Despite the fact that there was a fair bit of river alongside us, we were much too tired and grumpy to appreciate the scenery, particularly towards the end of the day when the path seemed to stretch as we walked. Even an open pub couldn’t cheer us up; I’ve never been so happy to see Doncaster, or a Premier Inn.

The next five days
Mum took a rest day in Doncaster, and I came home. The 136 miles I had walked were absolutely enough, and I was ready to stop, and felt awful about leaving mum to walk on her own, but I missed Pete and Bernard so much. Mum then walked on without me, and four days later I rejoined her for her penultimate day…
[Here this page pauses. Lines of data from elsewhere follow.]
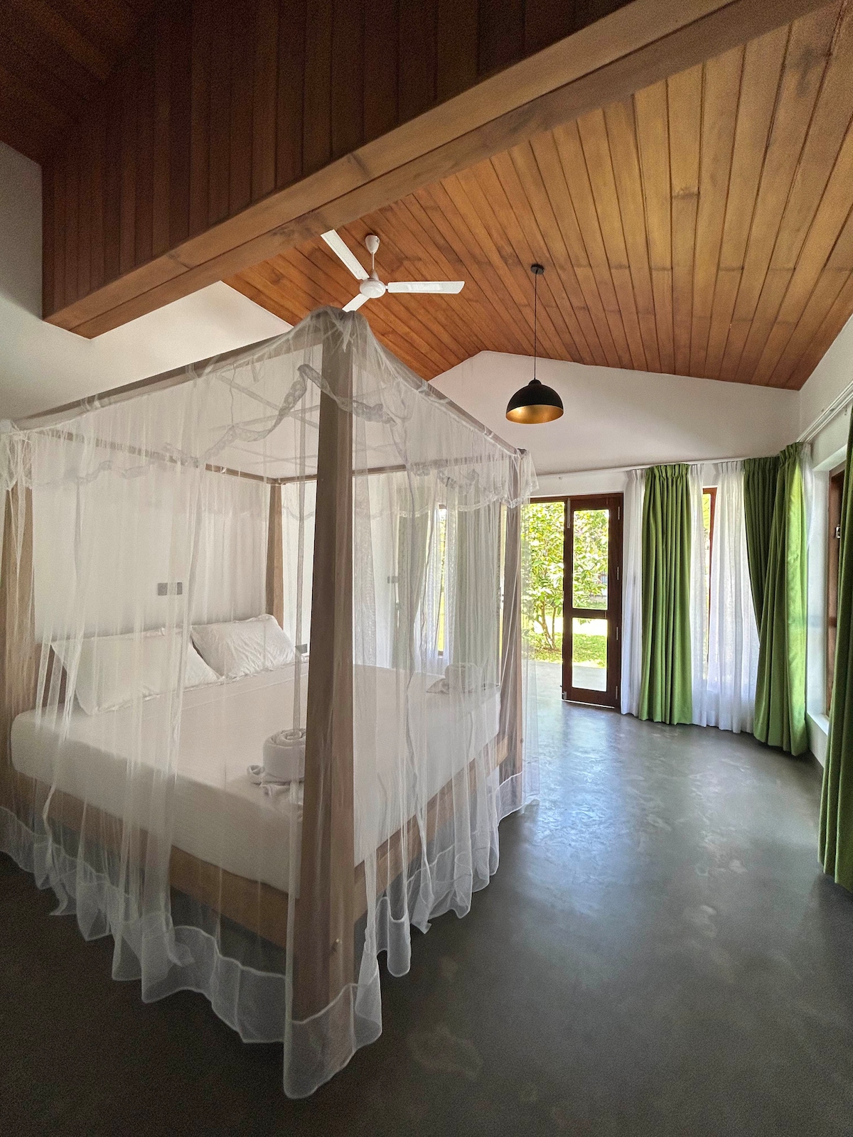 Erleben Sie ultimately Komfort in unserem Deluxe Doppelzimmer in Ahangama, Kabalanaroad, Sri Lanka. Das stilvoll eingerichtete Zimmer bietet ein großzügiges Doppelbett, eine Klimaanlage und eine private Terrasse mit Blick auf den Pool. Natürlich mit AC, WLAN, einem moderenen Badezimmer. Somit ist es der perfekte Rückzufsort für Paare oder Reisende, die Entspannung suchen
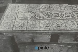 Mención especial merecían las cuatro mesas del refectorio, largas y estrechas, de madera de pino y cubiertas con azulejos de Talavera decorados en azul con los escudos franciscanos. Estaban firmadas por M. Díaz y datadas en 1745.
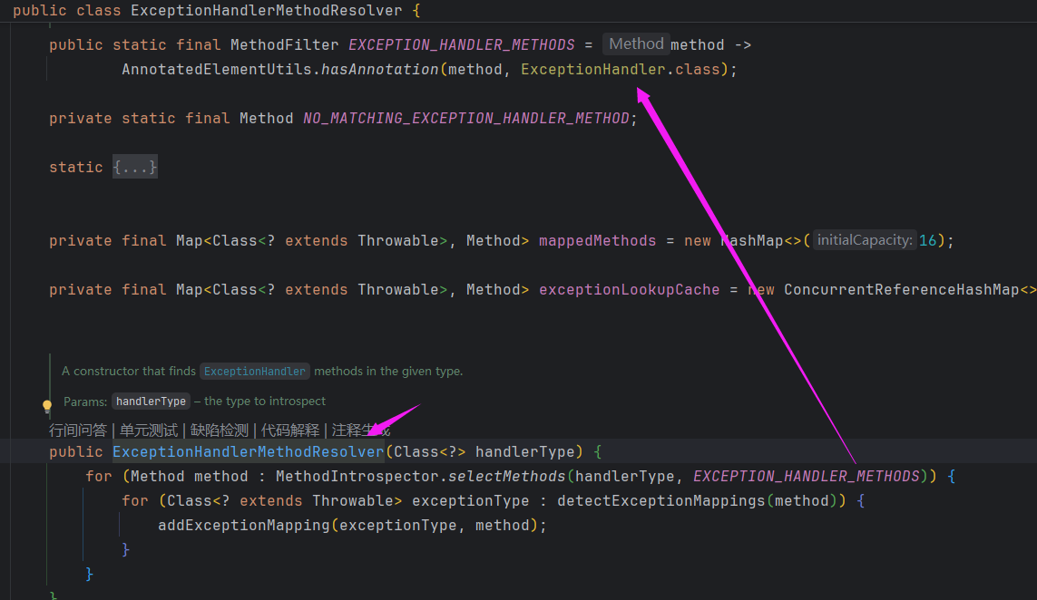 而处理@ExceptionHandler注解的方法是ExceptionHandlerMethodResolver.
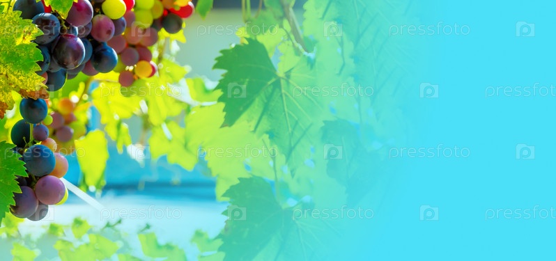 Ветка виноградных листьев на фоне ясного голубого неба. Скопируйте пространство
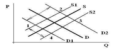 Рисунок 4.12 Одновременное изменение спроса и предложения
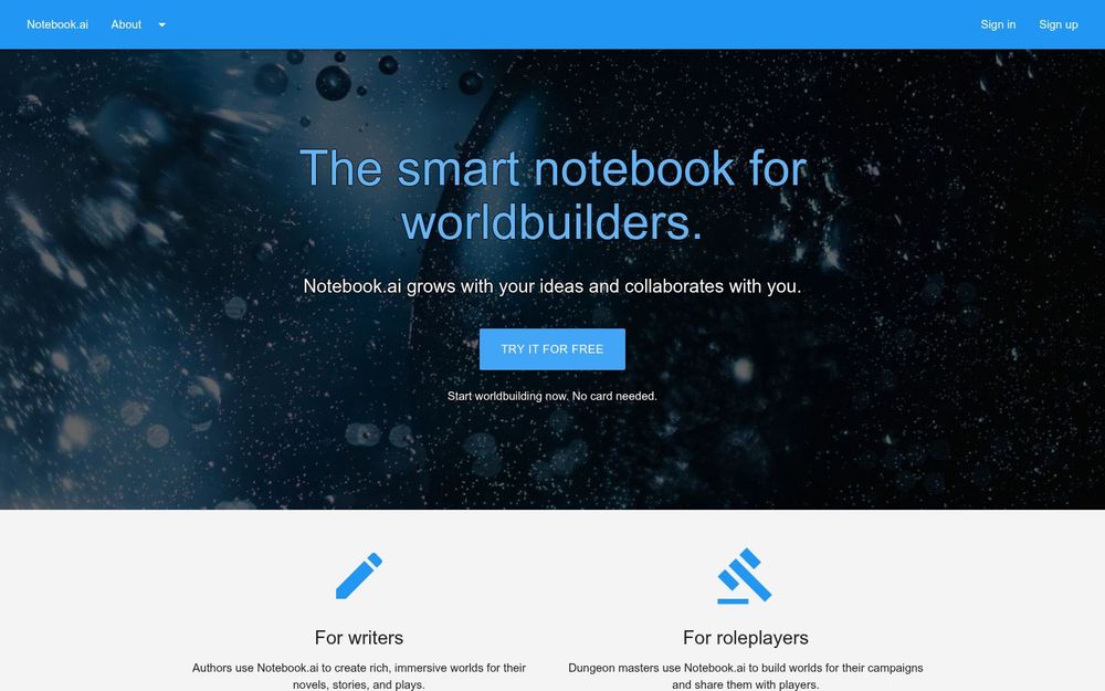 Notebook.ai 是一款专为世界构建(worldbuilding)与小说创作设计的在线笔记与设定管理平台。它将世界的各个要素——从宇宙/世界(Universe)、角色、地点到物品、生物、时代线等——以结构化页面保存,形成一个可搜索、可交叉引用、可备份的创作数据库。界面强调易用与模块化,支持免费试用与付费升级,适合独立作家、桌游主持人和协作团队使用。

Epilogue: Brough-Hull 14 miles

Being well-rested made a massive difference to me, but I was also impressed by how mum was managing when I caught up with her. Obviously tired, but not as low as she had been when I left her in Doncaster. Like many days on the trail, this one was divided into a pleasant half and an unpleasant half. We got the sewage plants and slippery sections of path out of the way early on, met my dad for lunch, and then walked under the Humber Bridge and into her home territory. Once we were off the A63, things improved, including another open pub – something to celebrate, by now. We particularly liked the bit where some steps took us up and over the rooves of warehouses by the working Albert Dock: amazing views and big boats. Came into Hull via the Marina, and got my final stamp at The Deep, before eating very good tapas and having another bad night’s sleep.

I had to leave mum in the company of her stepdaughter, to finish the trail, because I had a study day to go to in Leeds. It was a bit rubbish not to reach the end with her, but I am so so proud of the walk she walked. What an amazing woman. But seriously, if you’re thinking of a long distance trail, do a different one.